少年站在州桥上望了许久,直到老汉的身影变成天边一粒黑点。后来少年才知道,这老汉叫张果,早在唐太宗那会就有人见过他,有人说他是混沌初分时的白蝙蝠精,也有人说他是太上老君座下的金睛仙驴转世。但汴梁城的老百姓都记得,那年秋天,城西的老槐树突然重新开花,满树的白花里都嵌着个小酒葫芦,风一吹,还能听见隐隐约约的驴叫声。
张果老在汴梁城待了三个月,走的时候是个雪天。他倒骑着毛驴从南薰门出城,身后跟着十几个孩童,手里都举着用银杏叶折的小旗子。
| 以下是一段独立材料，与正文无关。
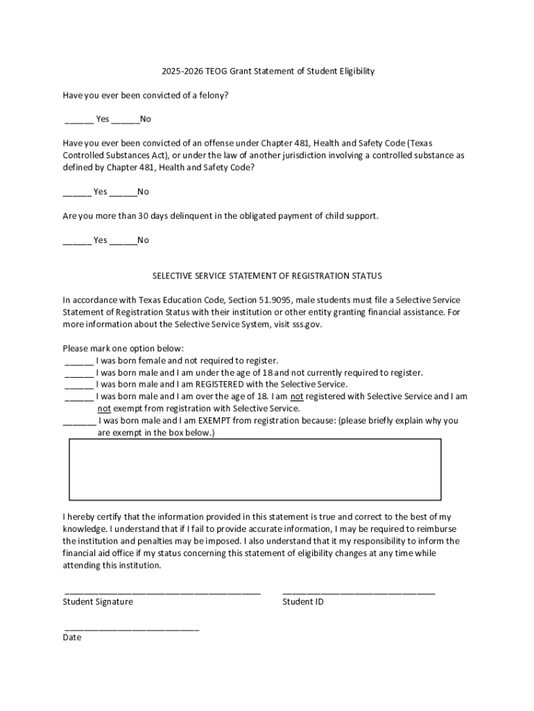 To qualify for the TEOG grant, applicants must meet specific eligibility requirements, which include factors such as residency and demonstrated financial need. Key criteria include:
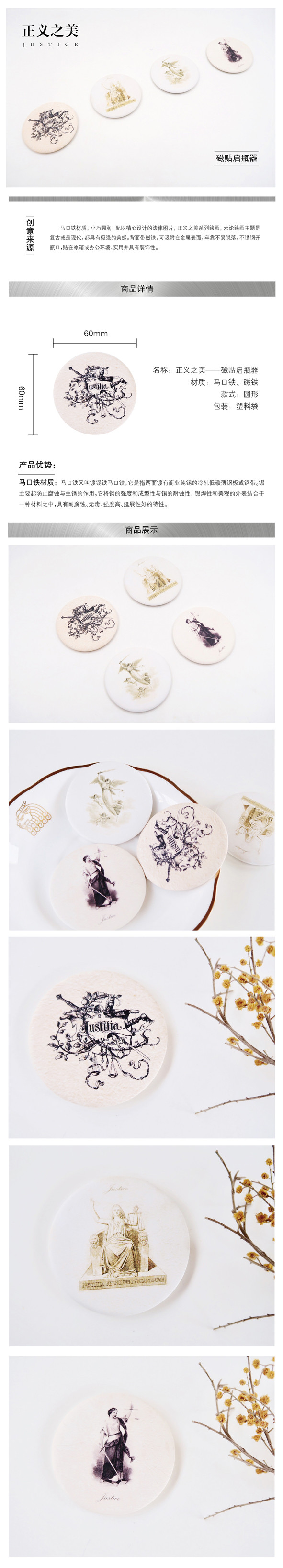 正义之美系列绘画的复古主题,具有极强的美感,可用于居家装饰或装点办公环境。采用独特别致马口铁材质,小巧圆润,背带磁铁可牢靠吸附金属面,加之不锈钢开瓶口的功用设计,可谓美貌与功用并重。
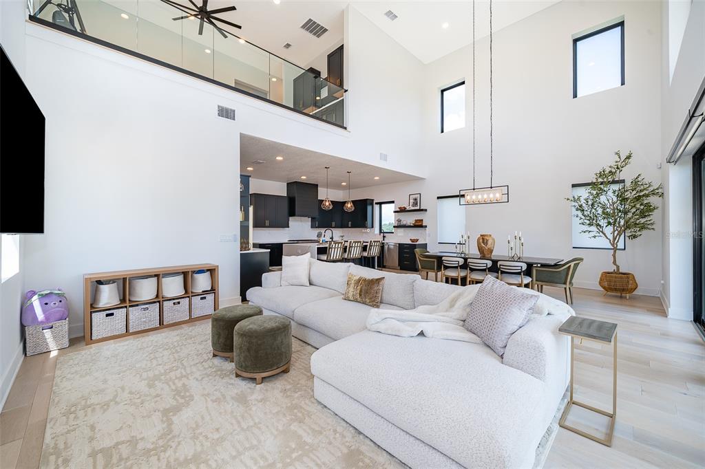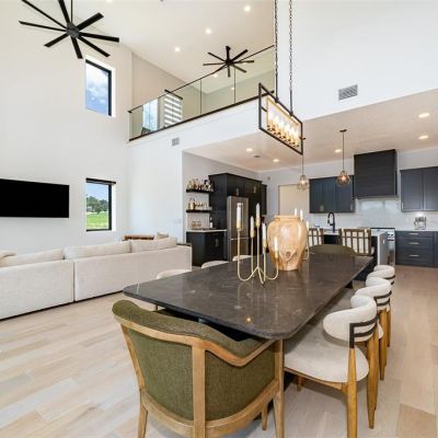 Built-in Features, Cathedral Ceiling(s), Ceiling Fan(s), Eating Space In Kitchen, Elevator, High Ceilings, Kitchen/Family Room Combo, Living Room/Dining Room Combo, Open Floorplan, PrimaryBedroom Upstairs, Thermostat, Walk-In Closet(s), Wet Bar, Window Treatments

少年追着他跑了二里地,见他在黄河边停下,从怀里掏出个纸折的小船,放进冰水里竟立刻化作一艘三丈长的楼船,船上插着的杏黄旗上,写着个斗大的“道”字。
“回去告诉大家,莫贪财莫欺心,”他站在船头冲少年挥手,毛驴此刻竟像龙一样昂起头,“后会有期!”话音刚落,河面上突然腾起大雾,等雾散了,楼船和毛驴都不见了踪影,只有岸边的雪地上,留着一行倒着的驴蹄印,每个蹄窝里都结着片晶莹的冰银杏。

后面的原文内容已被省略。